At Communion, as I approached the altar, I suddenly realized that the bond of understanding that really does exist among the men here now, among themselves and with Dom Flavian, is really strong enough to do something—and to do much—with the institutional structure, or in spite of it. That if Dom F. himself is for change, the blocks set up by an authoritarian system cannot be completely decisive—though they can still be a nuisance.
I realize how seriously I misjudged the community the other day—saying they were all conservatives and wanted security above all. They voted with courage and imagination and their option was for openness, growth, greater freedom, real progress. Also, as I realized at my conference yesterday afternoon, they have summed up the situation pretty well and can express what their real hopes are—a man who is open, whom you can talk to, who will admit his mistakes and not push them off on to someone else (one of the brothers said this!), who will listen to new ideas, who has definite principles but is willing to tolerate different ideas, etc.
The result of this eJection has been a real sense of a bond between us all, and already at this morning’s Mass Dom J. seemed suddenly remote from all this, a stranger to it, and the farewell really meant farewell. Certainly he is honored and remembered for the good he has done, but also the isolation in which he has always really lived now appears for what it is. He has lived in the midst of the community deeply isolated from it, yet manipulating its inmost heart, alienating it, and at the same time soothing it with cliches and with a dramatic “presence” and influence. Certainly he has sacrificed himself very much, but one feels it was for the institution rather than for the people in it and he expected them to let him sacrifice them in the same way. To some extent they did, some more, some less. But now they are done with that: they want to build a real community, not a corporation.
January 19, 1968
I have been sick with flu for several days—and badly.
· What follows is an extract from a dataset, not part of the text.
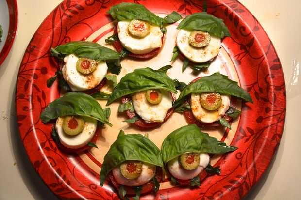 he decidido seguir con el tema de parte de adultos para el resto de esta temporada de Halloween particular, así que el tutorial de hoy es una torcedura shucos, escalofriante en un clásico aperitivo Italiano: Ensalada caprese. Este azote para sus invi

It began Tuesday (I caught it of course in the community where it has been going around. The election was a good way to catch it!). After dinner I went for a walk in the woods and could hardly drag myself
back to the hermitage. Went to bed early. The next day I probably would have pulled out of it quickly if I could have stayed in bed, but I had to go down to the monastery—once again I would hardly get back to the hermitage, and went straight to bed. Thursday I had to go down again (to take my laundry bag and to tell Fr. Charles Dumont that I would not be able to spend the afternoon with him) and that really fixed me. So I fell into bed without dinner and lay there for sixteen hours or more hot under the blankets, aching, smashed in stupid sleep, with my head like a music box playing over and over and over “The Shadow of Your Smile” (version of Ives Montgomery). I am up with a dry cough, gut in a shambles, high fever, nauseated by everything, unable to say Office or do anything whatever except occasionally get up to make tea and take a pill.
Yesterday afternoon was pretty horrible. I haven’t felt so sick in a long time.
Today, after a deep, sweaty sleep, I felt much better, said Lauds and Mass and had a light breakfast, went back to bed, but the sun was up bright and I felt alive again. Only problem—I couldn’t move around without sweating profusely.
Had some soup and eggs at noon and began to feel myself again. Went back to lie down, and everything began to be seen more sharply and clearly experienced: sound of a truck on the road ¼ mile away. Sense of where I am, where the road is, of the woods around, sense of having a world to be part of, not just to be a hump of matter.